## GIVEN MATERIAL
################

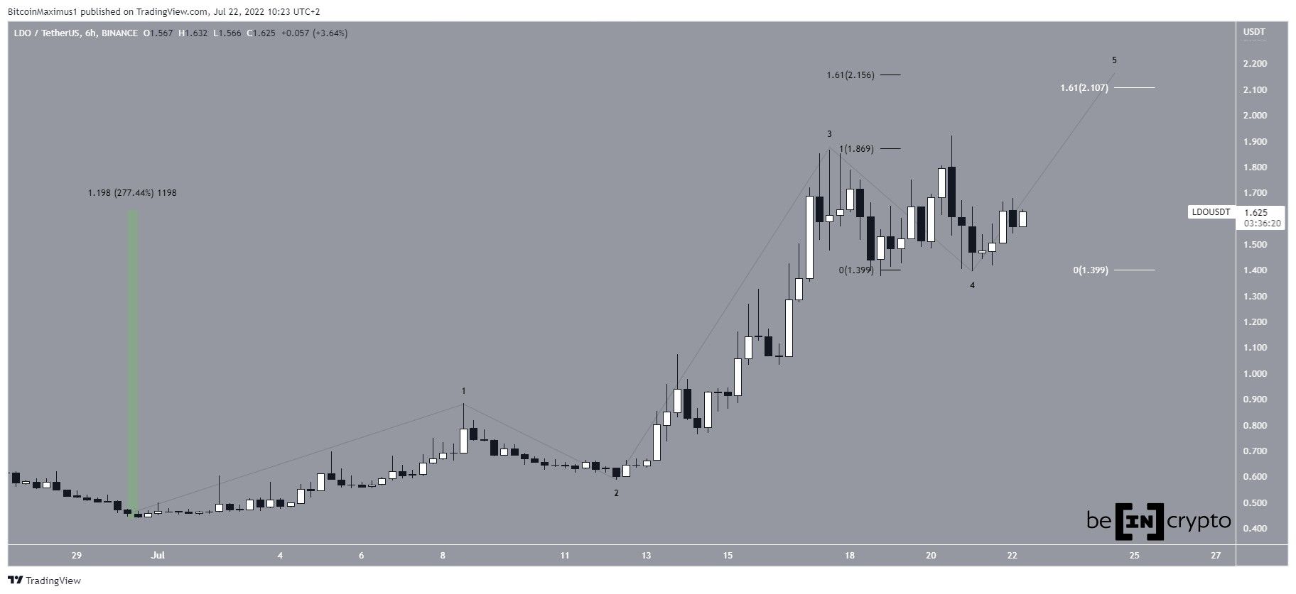 The entire increase resembles a five-wave upward movement, in which LDO is currently in wave four.
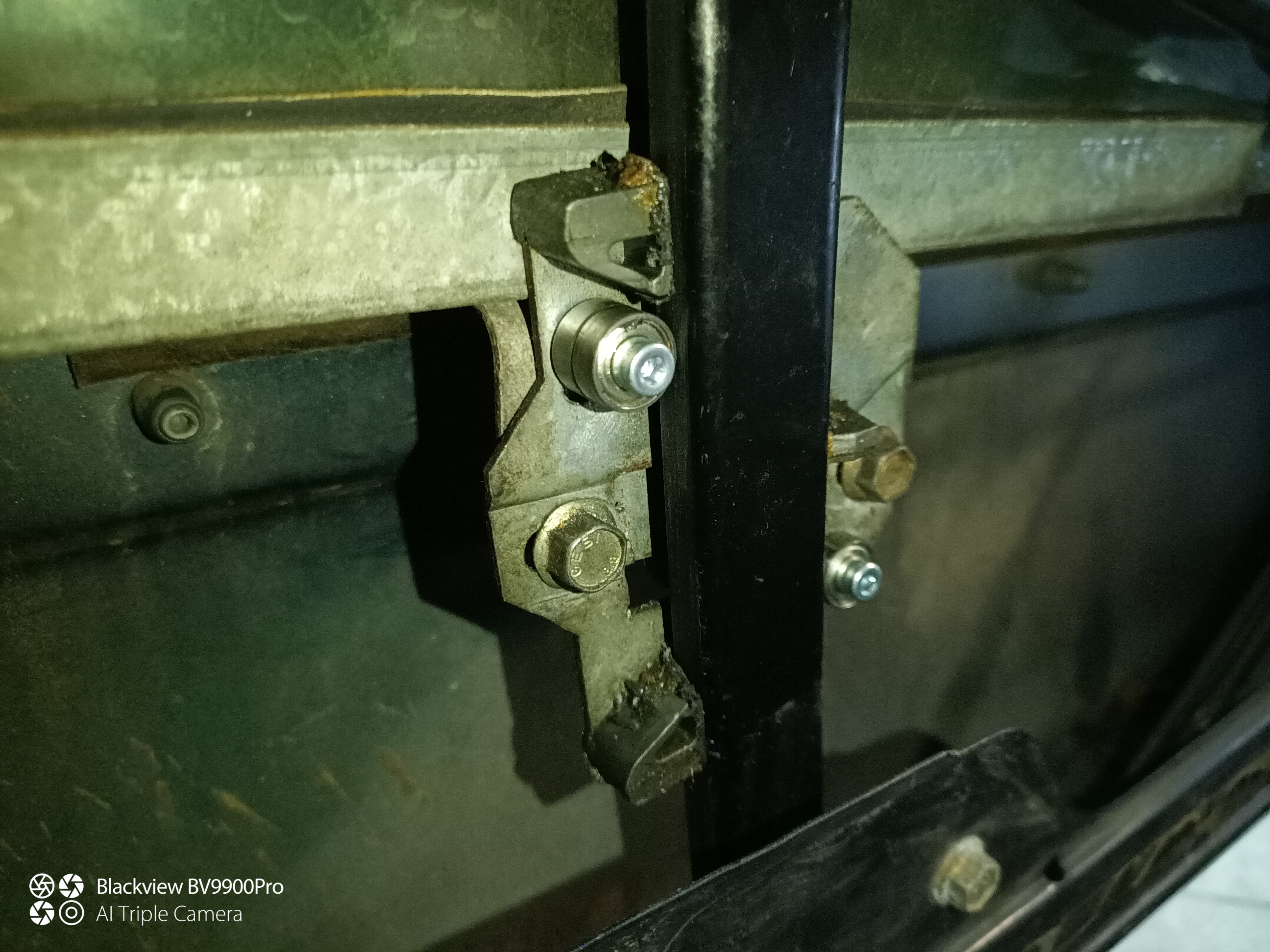 Без да свалям стъклото за половин час сътворих това и резултатът е доста задоволителен. С два лагера (един върху друг) отзад и един отпред. Използвал съм 4мм на 20мм болчета със стопорни гайки и малко подсигурител, за всеки случай. Като под лагерите съм подложил и по една шайба, за да може да се въртят.
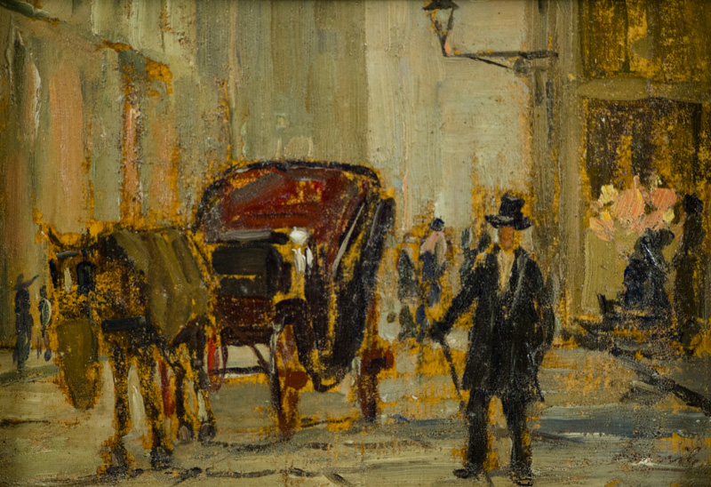 Giovanni Lomi (Livorno 1889 Livorno 1969) Fiaccheraio fiorentino 1920 c.a. Olio su tavola, cm. 13,5x19,5 Firmato in basso a destra. Autentica di Massimo Lomi su foto con Archivio n° 419.
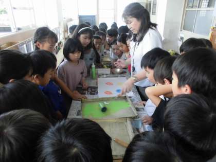 図工の時間に、お話の絵をかきました。ローラーやスポンジ、ストロー等を使って絵の具で背景を塗りました。いい作品が出来上がりました。

################

## PROBLEM TO SOLVE
Every line above is to be duplicated exactly; no picture should be carried over.

## RESULT OF THE TASK
 The entire increase resembles a five-wave upward movement, in which LDO is currently in wave four.
 Без да свалям стъклото за половин час сътворих това и резултатът е доста задоволителен. С два лагера (един върху друг) отзад и един отпред. Използвал съм 4мм на 20мм болчета със стопорни гайки и малко подсигурител, за всеки случай. Като под лагерите съм подложил и по една шайба, за да може да се въртят.
 Giovanni Lomi (Livorno 1889 Livorno 1969) Fiaccheraio fiorentino 1920 c.a. Olio su tavola, cm. 13,5x19,5 Firmato in basso a destra. Autentica di Massimo Lomi su foto con Archivio n° 419.
 図工の時間に、お話の絵をかきました。ローラーやスポンジ、ストロー等を使って絵の具で背景を塗りました。いい作品が出来上がりました。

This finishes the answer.